This upsets me greatly. I recall downloading the old versions of Skype a few years ago from http://www.oldversion.com/windows/skype/ and they were actually nice to use, felt responsive and just generally were most of what i'm looking for in a chat application.

At work, we still use the current versions of regular Skype (not Skype for business, which i'm told is a separate product and disgusting) for stand up calls and some meetings, as well as a chat solution for talking with colleagues, since Slack and Teams chats are too fragmented. It would have been nice to centralize everything on a single self-hosted platform, about which i wrote on my blog: https://blog.kronis.dev/tutorials/lets-run-our-own-chat-plat... but until something like that would happen, Skype is the closest thing we've got (apart from e-mail, ugh).

I also used Skype throughout my university days to chat with my friends, and even all the way back in school, to keep in touch with people.
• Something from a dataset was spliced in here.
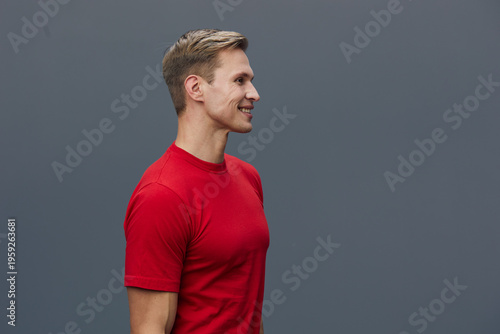 Smiling man wearing red t-shirt standing sideways against a plain gray background in a professional studio photo. Happy, confident, casual, portrait, fashion, lifestyle, positive energy.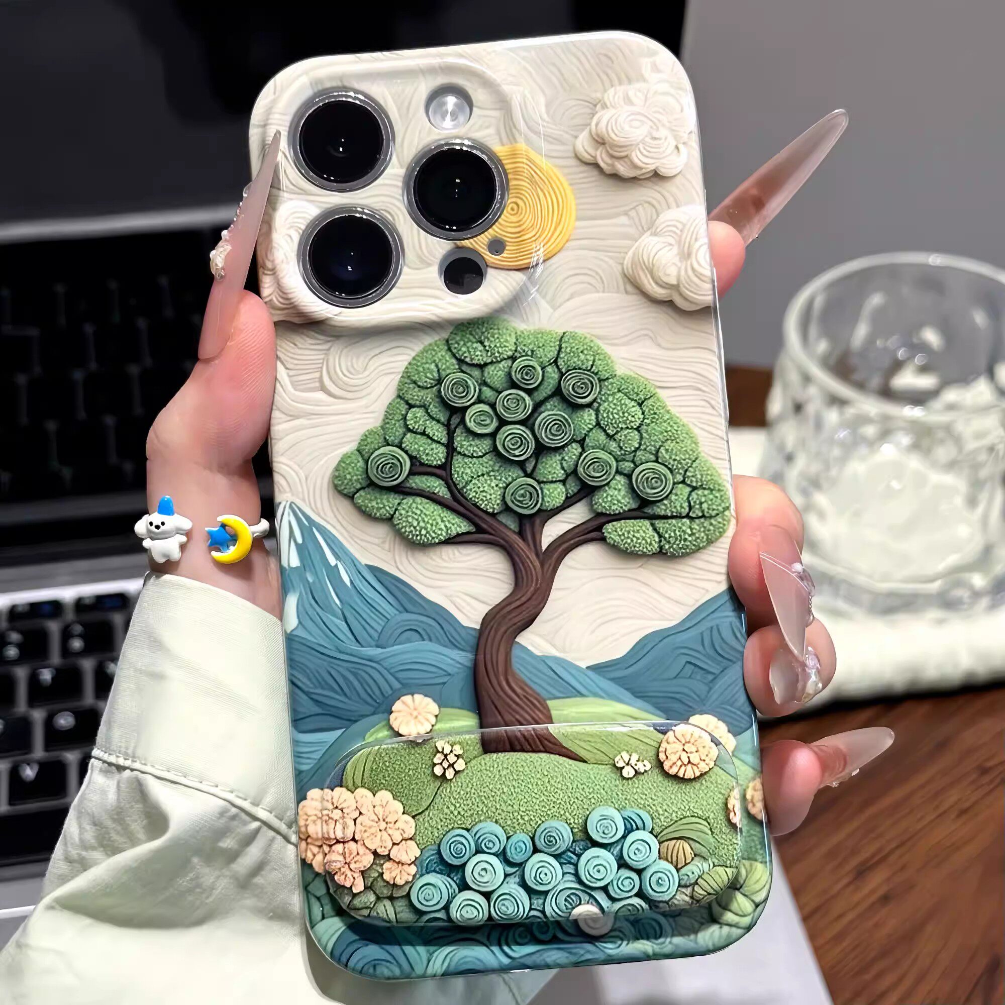 油画山树适用iPhone16promax手机壳苹果13菲林15华为p80复古vivos30小米17pro支架opporeno14红米k80荣耀500 - 啵啵啵工作室

Now, Skype has largely been displaced by Discord or WhatsApp for those purposes (no one seems to care for Telegram or Signal) and there are very few cases when anyone will turn to using Skype anymore.

And somehow, the product is way worse today than it used to be. The UI feels more "app-like" at the expense of being confusing and slow, there are occasionally bugs with how text shows up, it's spiraled downwards far from where the original native apps were and it seems that Microsoft will continuously throw the whole platform under the bus in favor of Teams.
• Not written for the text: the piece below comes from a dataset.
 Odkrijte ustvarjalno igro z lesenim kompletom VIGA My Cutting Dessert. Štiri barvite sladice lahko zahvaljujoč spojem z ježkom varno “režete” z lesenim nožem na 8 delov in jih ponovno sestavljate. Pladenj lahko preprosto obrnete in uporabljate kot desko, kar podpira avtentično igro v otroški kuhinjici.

But neither Teams, nor Zoom are good either! The sharing UI just jumps all over the place and in zoom even forces full screen. Zoom is obnoxious and doesn't let you open the options menu without being signed in, whereas Teams is broken and doesn't let you share files directly (neither does Zoom, to be honest). They just feel like a huge step backwards for general purpose communication, instead being meant just for meetings.
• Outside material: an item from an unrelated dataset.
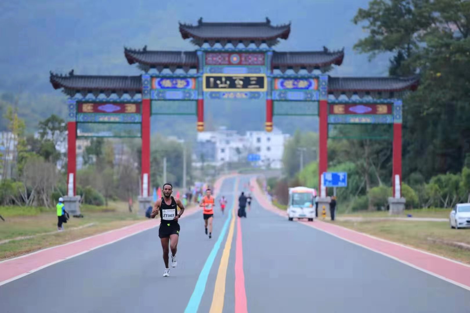比賽中選手們矯健的身姿和挑戰自我的體育精神吸引了沿途近萬名熱情的當地百姓,學校師生、社會團體,他們用最熱情的呼喊為參賽選手們加油助威,三百山景區的彩虹賽道延伸着一條靚麗的選手風景線——安遠,瞬間被馬拉松點燃,展示出新時代下安遠的建設風貌。

So what's left? Discord, Slack and even Rocket.Chat (which i mentioned in that blog post) all have their idiosyncrasies, for example, you can't really use Discord if all you need is one group or meeting, since it's centered around the concept of servers. I really don't know how we went from something that's good enough to a plethora of mediocre and sub par solutions...

Did not thread fully, but I get your point. I know large portion hacker news audience dont like Sowell (and other Chicago school econs). In Basic Economy he defines that monopoly cant be defined “market share”, but how hard is to migrate off/open new competitors. Seing how tiktok eating userbase for fb. Its hardly defined as monopoly in social media angle. There should be more
If you want to time when people will completely leave Facebook forever, timing markets is basically a fools' errand.

I think though that while Facebook the social network may not last very long, I'm less sure that Facebook as a facilitator of ads will go away. They have a lot of historical data on which to continue determining ad placement on the Internet. Google ads don't just exist on Google sites.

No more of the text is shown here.